Stadt Berlin - Senatsverwaltung für Stadtentwicklung und Wohnen

Collaboration

TSPA

Surface Area

430 ha

The TSPA – B+B team was one of four international teams that participated in the workshop process. We asked ourselves the central question: How do we want to live in the future in consideration of climate change and the mobility revolution?

 

We continue the historic cultural landscape of Blankenburg-South with an open, green, mixed and flexible block structure. We see the area as a nature-oriented neighbourhood of Berlin with an urban character. At the same time, the importance of the area as a wind corridor of significance for cooling the city should not be lost.
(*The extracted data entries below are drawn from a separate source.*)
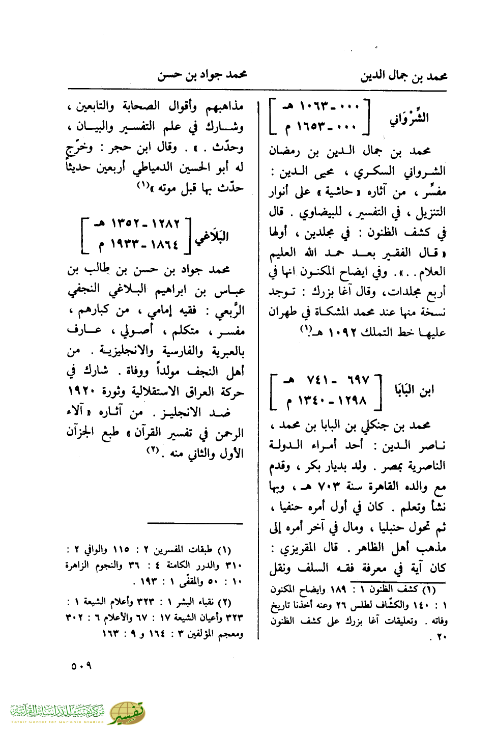 (¬1) طبقات المفسرين 2: 115 والوافي 2: 310 والدرر الكامنة 4: 36 والنجوم الزاهرة 15: 55 والمقفى 1: 193.
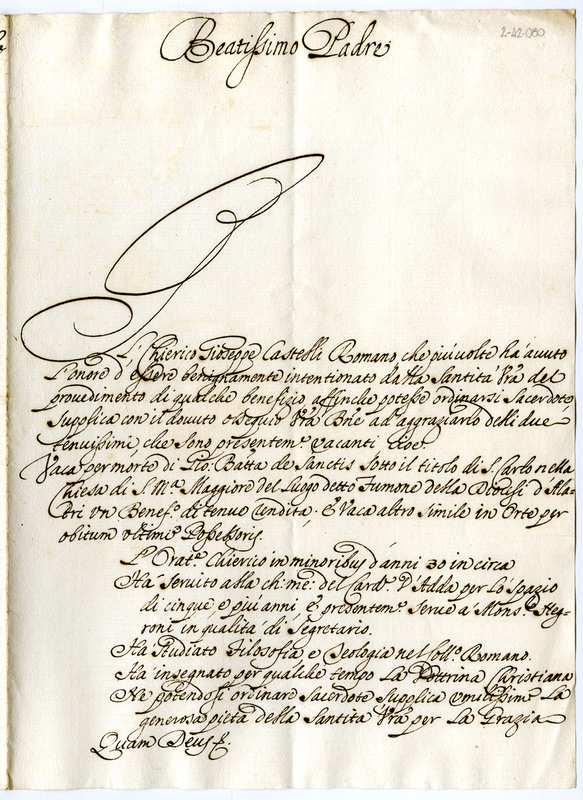 Lettera di Giuseppe Castelli a papa Clemente XI (1700-1721)
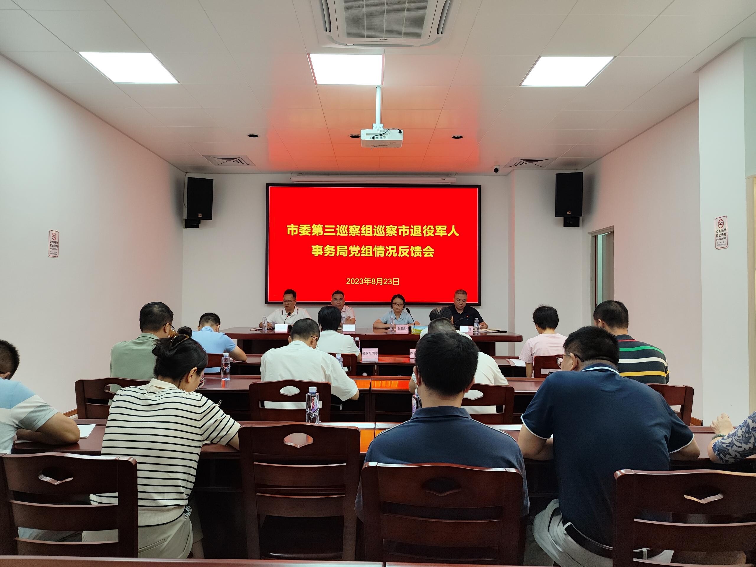 市紀委副書記、市監(jiān)委副主任、市委巡察工作領(lǐng)導(dǎo)小組成員張艷玲,市委第三巡察組副組長及有關(guān)同志,市委巡察辦、市紀委監(jiān)委第四紀檢監(jiān)察室、市紀委監(jiān)委駐市人社局紀檢監(jiān)察組、市委組織部有關(guān)同志,市退役軍人事務(wù)局黨組領(lǐng)導(dǎo)班子成員出席會議;市退役軍人事務(wù)局中層及以上干部、所屬事業(yè)單位主要負責人列席會議。
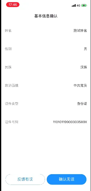 信息有误:若发现任何信息错误(如姓名错别字、证件号错误等),立即点击【反馈有误】按钮。

The spatial structure is derived from the existing natural spaces and the grid structure of the ‘Rieselfelder’ fields, an urban design that is very robust and at the same time allows maximum flexibility in use and building typology and continues the existing diversity in use and typology in the south of Blankenburg and connects and strengthens the surrounding urban fragments.

The implementation is based on six objectives: Putting nature first, building climate resilience, creating communities, generating flexible and adaptable typologies, promoting diversity for peaceful coexistence, and creating urban density and sustainable mobility for a better quality of life. In this context, various green spaces form an integral part of the urban structure: the master plan takes the existing landscape between the openness of the Malchow floodplain, the urban oasis of allotments and the wetland landscape of the Panke Valley and the two flowing ditches and the structure of the former sewage fields, the existing rows of trees and water features as a starting point for the development of the area.

We are creating a strong network of green connections at the different hierarchical levels of the district by planting thousands of trees and kilometres of hedges and shrubs. The network consists of a varied system of green ‘lines’ and ‘zones’ to create a robust urban character. The result is an interweaving of history, nature, diversity and flexibility: the garden city of the 21st century, a green urban archipelago.